> _Work order_
Please keep to the lines below from the one with "1. Federalização para" through the one with "O amor nunca", and restate them word for word, ends included.

> _Source records_
• • • • •

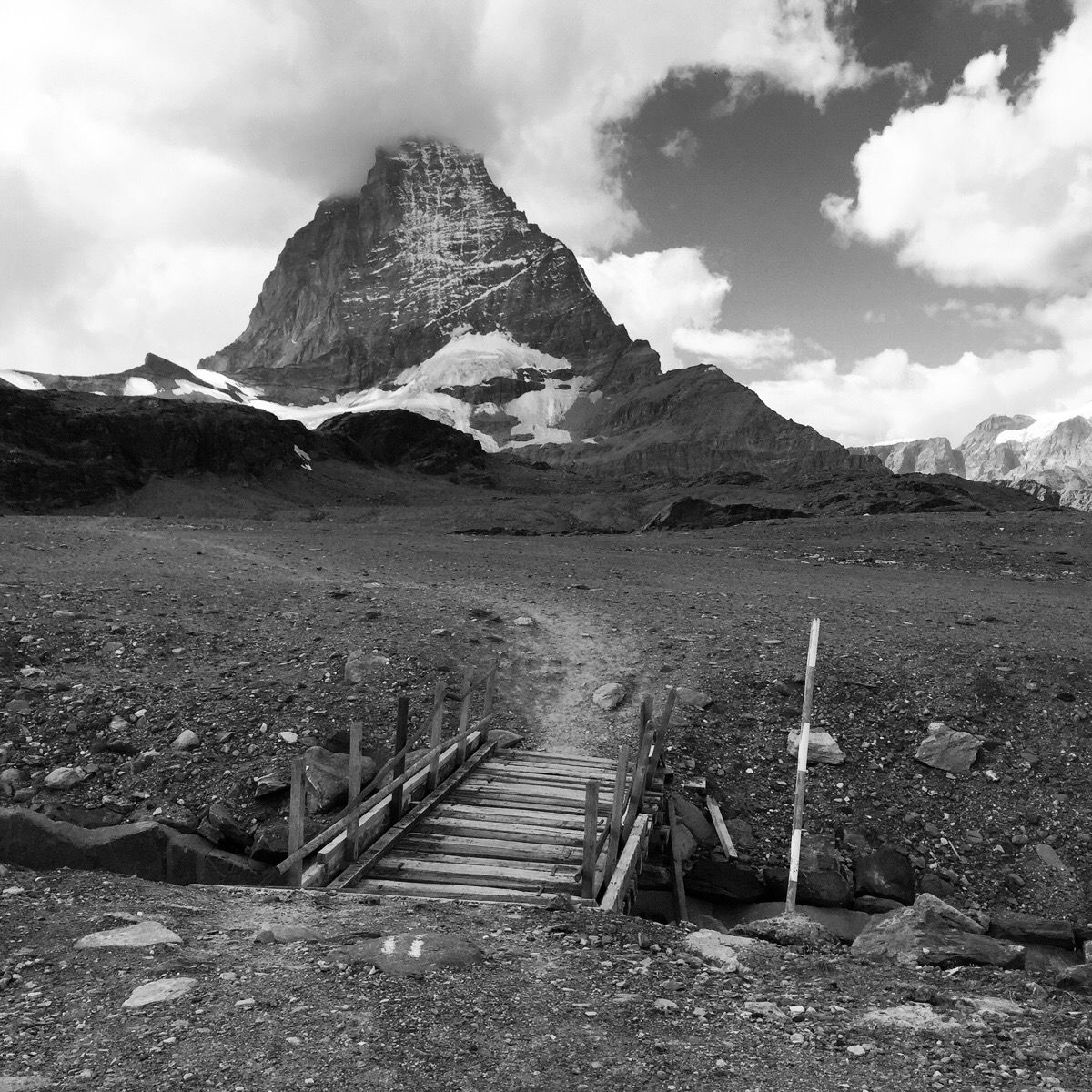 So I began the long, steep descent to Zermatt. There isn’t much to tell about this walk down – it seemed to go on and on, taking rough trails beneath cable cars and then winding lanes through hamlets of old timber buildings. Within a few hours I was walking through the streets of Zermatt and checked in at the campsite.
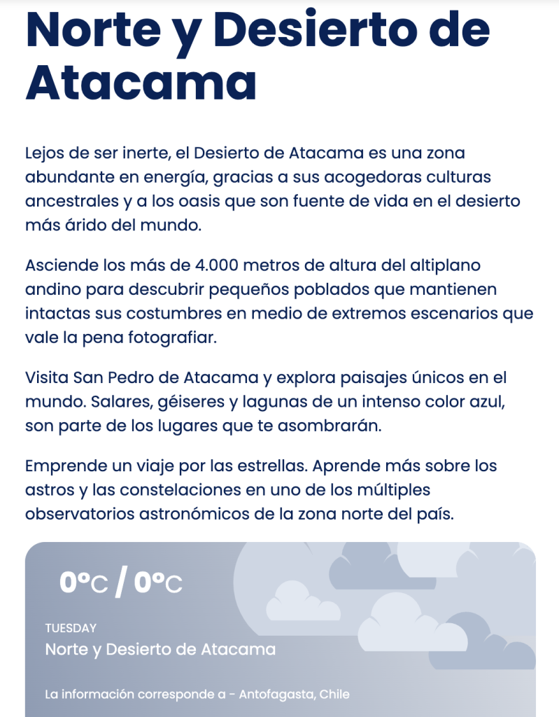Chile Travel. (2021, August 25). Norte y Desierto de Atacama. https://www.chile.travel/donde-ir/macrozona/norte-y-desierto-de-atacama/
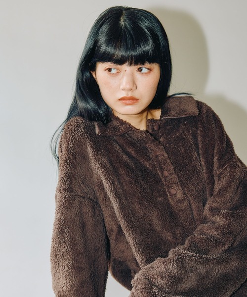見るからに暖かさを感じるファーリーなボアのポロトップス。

• • • • •

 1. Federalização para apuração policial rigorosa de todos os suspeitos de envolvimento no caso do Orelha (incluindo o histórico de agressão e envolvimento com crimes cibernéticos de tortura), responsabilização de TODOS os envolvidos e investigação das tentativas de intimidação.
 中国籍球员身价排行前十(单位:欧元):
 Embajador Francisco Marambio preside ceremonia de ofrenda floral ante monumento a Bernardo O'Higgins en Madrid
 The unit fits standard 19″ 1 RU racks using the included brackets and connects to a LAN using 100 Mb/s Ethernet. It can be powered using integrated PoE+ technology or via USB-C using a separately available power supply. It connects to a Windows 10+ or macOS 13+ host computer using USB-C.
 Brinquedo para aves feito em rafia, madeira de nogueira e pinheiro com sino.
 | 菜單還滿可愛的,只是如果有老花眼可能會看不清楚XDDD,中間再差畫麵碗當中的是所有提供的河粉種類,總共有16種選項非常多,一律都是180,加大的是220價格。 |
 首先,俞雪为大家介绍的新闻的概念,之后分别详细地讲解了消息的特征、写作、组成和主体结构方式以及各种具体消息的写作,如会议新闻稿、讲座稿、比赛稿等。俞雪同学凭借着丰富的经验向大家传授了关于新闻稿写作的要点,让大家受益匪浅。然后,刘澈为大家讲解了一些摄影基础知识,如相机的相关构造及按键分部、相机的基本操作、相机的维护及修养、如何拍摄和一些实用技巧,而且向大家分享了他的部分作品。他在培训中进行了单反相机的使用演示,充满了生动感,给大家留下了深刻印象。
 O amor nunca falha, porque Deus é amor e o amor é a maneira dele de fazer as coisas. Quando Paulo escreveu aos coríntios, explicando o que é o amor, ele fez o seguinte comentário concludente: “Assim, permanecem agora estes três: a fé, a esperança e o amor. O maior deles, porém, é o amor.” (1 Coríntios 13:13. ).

• • • • •

> _Result_
 1. Federalização para apuração policial rigorosa de todos os suspeitos de envolvimento no caso do Orelha (incluindo o histórico de agressão e envolvimento com crimes cibernéticos de tortura), responsabilização de TODOS os envolvidos e investigação das tentativas de intimidação.
 中国籍球员身价排行前十(单位:欧元):
 Embajador Francisco Marambio preside ceremonia de ofrenda floral ante monumento a Bernardo O'Higgins en Madrid
 The unit fits standard 19″ 1 RU racks using the included brackets and connects to a LAN using 100 Mb/s Ethernet. It can be powered using integrated PoE+ technology or via USB-C using a separately available power supply. It connects to a Windows 10+ or macOS 13+ host computer using USB-C.
 Brinquedo para aves feito em rafia, madeira de nogueira e pinheiro com sino.
 | 菜單還滿可愛的,只是如果有老花眼可能會看不清楚XDDD,中間再差畫麵碗當中的是所有提供的河粉種類,總共有16種選項非常多,一律都是180,加大的是220價格。 |
 首先,俞雪为大家介绍的新闻的概念,之后分别详细地讲解了消息的特征、写作、组成和主体结构方式以及各种具体消息的写作,如会议新闻稿、讲座稿、比赛稿等。俞雪同学凭借着丰富的经验向大家传授了关于新闻稿写作的要点,让大家受益匪浅。然后,刘澈为大家讲解了一些摄影基础知识,如相机的相关构造及按键分部、相机的基本操作、相机的维护及修养、如何拍摄和一些实用技巧,而且向大家分享了他的部分作品。他在培训中进行了单反相机的使用演示,充满了生动感,给大家留下了深刻印象。
 O amor nunca falha, porque Deus é amor e o amor é a maneira dele de fazer as coisas. Quando Paulo escreveu aos coríntios, explicando o que é o amor, ele fez o seguinte comentário concludente: “Assim, permanecem agora estes três: a fé, a esperança e o amor. O maior deles, porém, é o amor.” (1 Coríntios 13:13. ).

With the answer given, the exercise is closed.